Which pig breed is best?

So many people I speak to plan to start their free range farm with rare breed pigs, in particular, the Wessex Saddleback or English Large Black and some, the Berkshire.
What I stress to these people is the need to know the breed first. Make sure you understand the different characteristics of these pigs before you make a purchase and ensure that they are the right fit for your intended market.

Lets first briefly discuss the different attributes of the rare breeds, in fact, the very carcass characteristics that have seen their numbers reduce as their popularity waned and the commercial industry began favouring white breeds.
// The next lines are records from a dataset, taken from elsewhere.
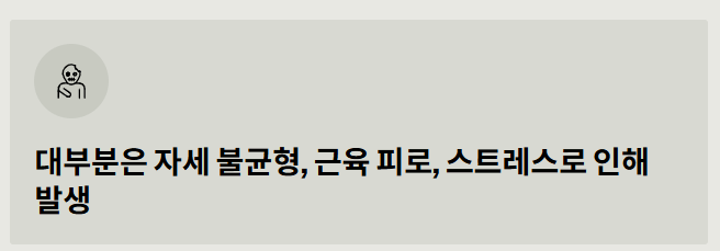 - 대부분은 자세 불균형, 근육 피로, 스트레스로 인해 발생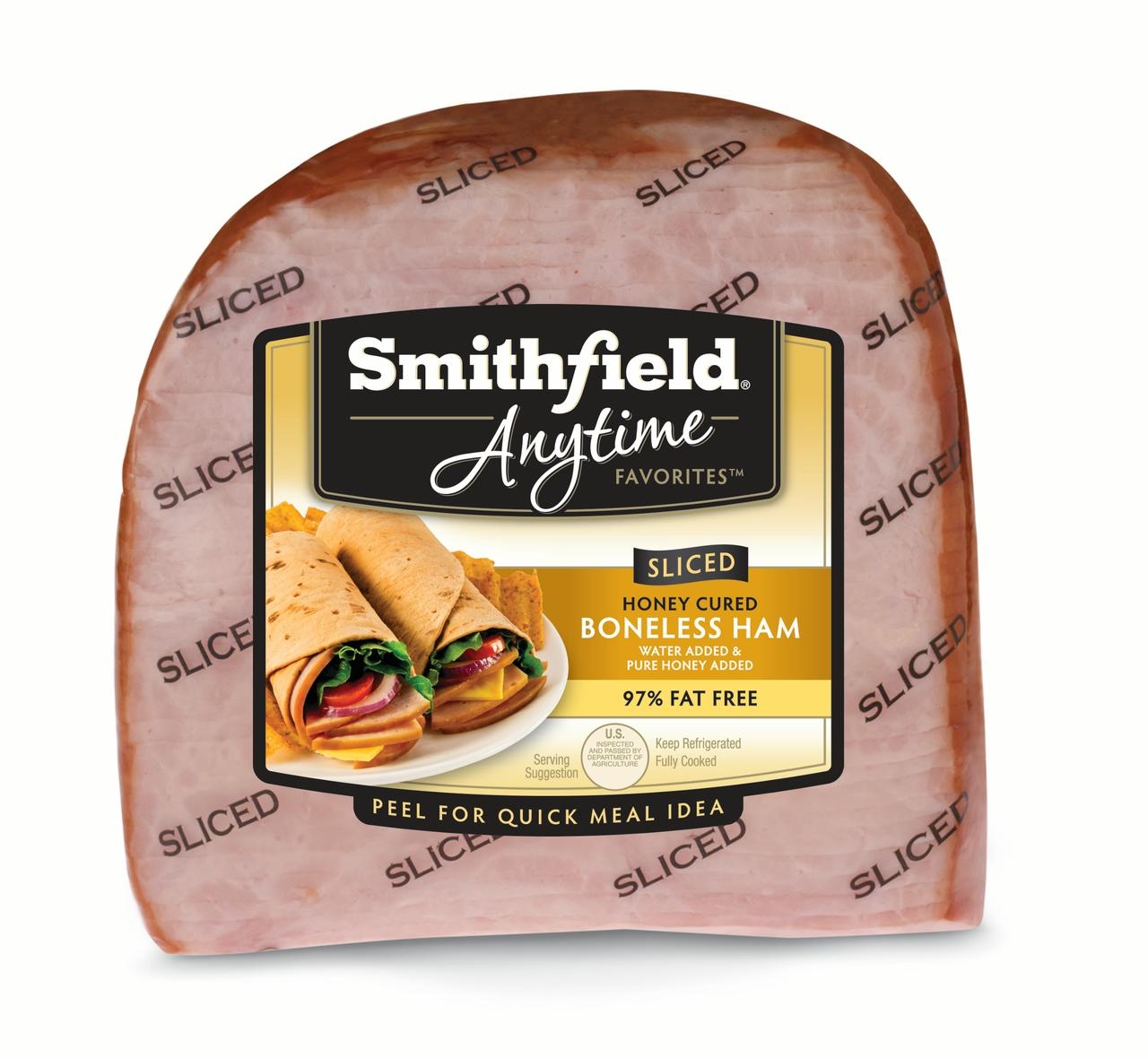 Smithfield Anytime Favorites Honey Cured Sliced Boneless Ham features the sweet taste of honey for mouthwatering flavor, and it comes as a fully cooked boneless ham that’s pre-sliced for convenience. This honey cured ham is premium quality and 97% fat free for a meal option that you and your family can trust. Anytime Favorites low fat ham is a fully cooked ham that’s ready to eat or heat up quickly, cutting down on prep time and mess. The cured honey ham is boneless and pre-sliced for easy serving, letting you spend less time in the kitchen and more quality time with family and friends. Smithfield sliced honey ham is ideal for using in sandwiches, serving as a breakfast ham, at your favorite family dinner, or incorporating into heat and serve meals. This lean ham comes packed with protein and is a product of the USA. These honey ham slices are packaged in an airtight plastic to maximize freshness. Make sure to keep ham refrigerated.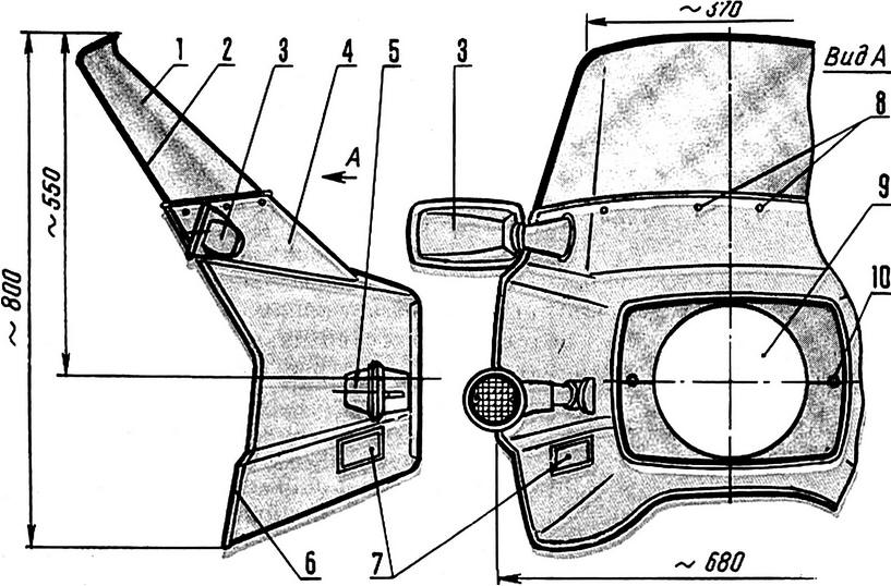 Ветрозащитный обтекатель для мотоцикла. Личный транспорт Справочник / Личный транспорт: наземный, водный, воздушный Общеизвестно, что ветрозащитный обтекатель - это вовсе не дань мотоциклетной моде и не только защита мотоциклиста от холода и грязи. Грамотно спроектированный щиток способствует повышению скорости двухколесной машины за счет снижения аэродинамического сопротивления. Ну а облику мотоцикла обтекатель придает логичность и законченность: благодаря ему мототранспортное средство обретает собственное лицо, выделяющее машину в ряду тысяч подобных. Многие мотоциклисты оснащают им свои двухколесные машины. Действительно, удачный ветровик существенно улучшает облик мотоцикла; сделанный же бездумно и вне всякой связи с его внешним видом превращает мотоцикл в нечто архаичное, допотопное. Хотелось бы поделиться конструкцией созданного мною обтекателя для своего мотоцикла. При выборе его дизайна я исходил из тех принципиальных черт, которые отличают мотоцикл "Ява-634" от машин более ранних выпусков. Именно поэтому явно просматриваются на моем ветровике ребра, которые, помимо всего прочего, повышают жесткость и прочность оболочки. Чтобы наклонить фронтальную плоскость лобового щита, пришлось отступить от плоскости разъема фары вперед. Это дало возможность сделать щит глубоким, хорошо обтекаемым, позволило разместить внутри его ящик для мелких вещей (перчаток, атласа, фото- или радиоаппаратуры и т.п.), защищенный от осадков. Задние срезы щитка выполнены параллельно основным линиям мотоцикла; верхняя часть среза параллельна перьям передней вилки, нижняя - передней части рамы. Это позволило получить внешний вид мотоцикла как нечто целостное, гармоничное. Обтекатель представляет собой конструктивно непрозрачную пространственную оболочку, выклеенную из композитных материалов и соединенную с прозрачным ветровым щитом из органического стекла. Боковины обтекателя имеют открывающиеся створки с регулируемым углом их отклонения. Устанавливая их в одно из фиксированных положений, можно уменьшить разрежение внутри обтекателя. А это прежде всего снижает так называемое донное давление, величина которого существенно влияет на Cx - коэффициент лобового сопротивления. К тому же снижение разрежения внутри обтекателя практически устраняет паразитные завихрения воздуха и уменьшает подсос пыли и водяных брызг. Верхняя (прозрачная) часть обтекателя имеет уменьшенную высоту, однако эффективность ветровой защиты из-за этого ничуть не ухудшилась: отогнутая часть щита уплотняет поток воздуха и фактически отклоняет его приблизительно в зону воздухозаборника-вентилятора мотошлема типа "интеграл" (кстати, также самодельного). Водитель же оказывается в застойной, достаточно комфортной зоне. Все это дало возможность ограничить высоту ветрового щита приблизительно уровнем подбородка мотоводителя, что позволило обеспечить оптимальный обзор вперед даже в тех случаях, когда погодные условия делают стекло непрозрачным.

The Wessex Saddleback and English Large Black would have to be the rarest of of the heritage breeds now that the Berkshire has once again gained some popularity. However, these three most recognisable breeds have the following in common:

  • Very fat pigs
  • Black hairs
  • Slow growing
These are the three reasons that their popularity declined to the point we see now where they are not seen as being commercially viable. The market has demanded that pork become increasingly leaner and as we loose touch with our food sources and how it is grown, black hairs on the sunday roast are a dose of reality most can do without.  Neither is slow growth in line with a commercial industry that is driven to produce faster, bigger, cheaper, leaner.
Free range pigs
So, rare breeds became rare for these reasons. I should also point out that these heritage lines do not do well in confined, factory farming conditions and as the popularity of this production system grew over the past 50 years and we moved away from free range farming, so to another reason the rare breeds lost popularity.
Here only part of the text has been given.